Problem description: If a line below falls between the line with "3回目半年で81%抗体価が減" and the line with "StarTech.com Câble de", or is one of those two, output it exactly; output nothing else and no pictures.

Records for this exercise:
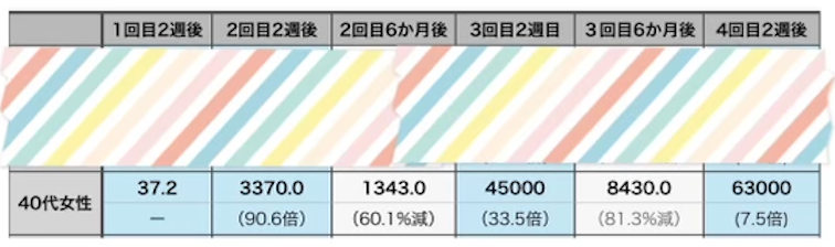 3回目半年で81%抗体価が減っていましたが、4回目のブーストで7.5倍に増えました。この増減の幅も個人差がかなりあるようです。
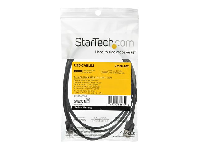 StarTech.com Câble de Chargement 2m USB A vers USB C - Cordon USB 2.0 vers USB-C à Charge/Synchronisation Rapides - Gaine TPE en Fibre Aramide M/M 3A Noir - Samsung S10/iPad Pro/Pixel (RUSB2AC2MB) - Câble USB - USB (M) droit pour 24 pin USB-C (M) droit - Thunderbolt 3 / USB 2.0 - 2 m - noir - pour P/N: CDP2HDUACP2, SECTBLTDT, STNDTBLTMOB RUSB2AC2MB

* * *

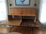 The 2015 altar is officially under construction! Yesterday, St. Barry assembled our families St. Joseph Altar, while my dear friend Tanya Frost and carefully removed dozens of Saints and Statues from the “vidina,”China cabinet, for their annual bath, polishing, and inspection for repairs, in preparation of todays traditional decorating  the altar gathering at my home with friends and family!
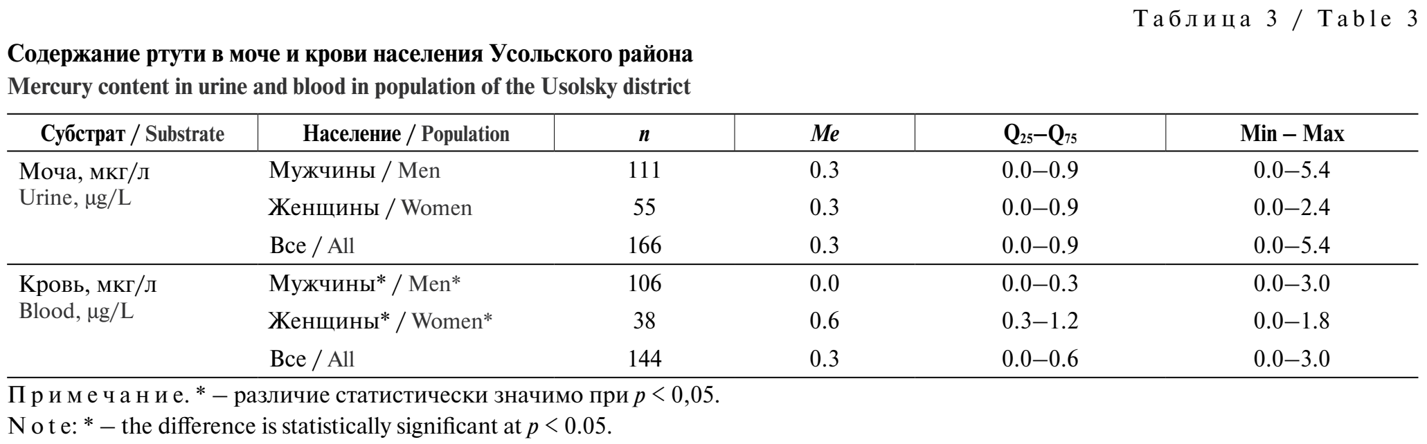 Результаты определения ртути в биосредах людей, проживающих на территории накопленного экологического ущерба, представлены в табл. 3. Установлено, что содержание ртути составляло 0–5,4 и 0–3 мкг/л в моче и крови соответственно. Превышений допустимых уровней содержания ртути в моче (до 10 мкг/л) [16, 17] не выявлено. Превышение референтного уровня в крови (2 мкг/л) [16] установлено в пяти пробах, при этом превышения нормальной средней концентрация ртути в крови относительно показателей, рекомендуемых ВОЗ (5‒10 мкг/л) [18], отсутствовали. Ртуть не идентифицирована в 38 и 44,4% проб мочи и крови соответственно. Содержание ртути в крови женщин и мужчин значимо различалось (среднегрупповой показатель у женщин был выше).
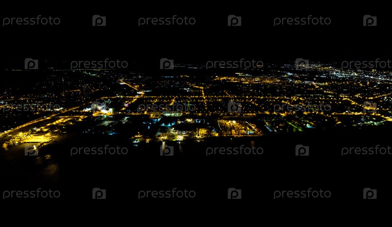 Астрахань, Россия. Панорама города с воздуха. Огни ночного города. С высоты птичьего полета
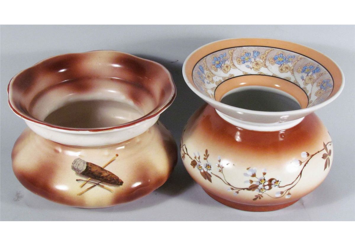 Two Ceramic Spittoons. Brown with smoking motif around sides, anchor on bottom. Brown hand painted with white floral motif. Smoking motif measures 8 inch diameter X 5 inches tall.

---

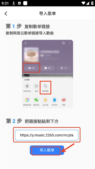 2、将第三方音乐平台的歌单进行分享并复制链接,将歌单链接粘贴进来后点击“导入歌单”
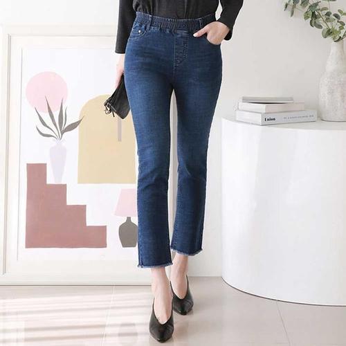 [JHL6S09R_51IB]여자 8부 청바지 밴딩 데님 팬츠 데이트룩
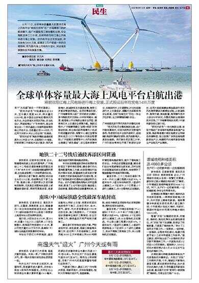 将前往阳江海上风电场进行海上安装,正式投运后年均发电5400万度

Problem solution:
 3回目半年で81%抗体価が減っていましたが、4回目のブーストで7.5倍に増えました。この増減の幅も個人差がかなりあるようです。
 StarTech.com Câble de Chargement 2m USB A vers USB C - Cordon USB 2.0 vers USB-C à Charge/Synchronisation Rapides - Gaine TPE en Fibre Aramide M/M 3A Noir - Samsung S10/iPad Pro/Pixel (RUSB2AC2MB) - Câble USB - USB (M) droit pour 24 pin USB-C (M) droit - Thunderbolt 3 / USB 2.0 - 2 m - noir - pour P/N: CDP2HDUACP2, SECTBLTDT, STNDTBLTMOB RUSB2AC2MB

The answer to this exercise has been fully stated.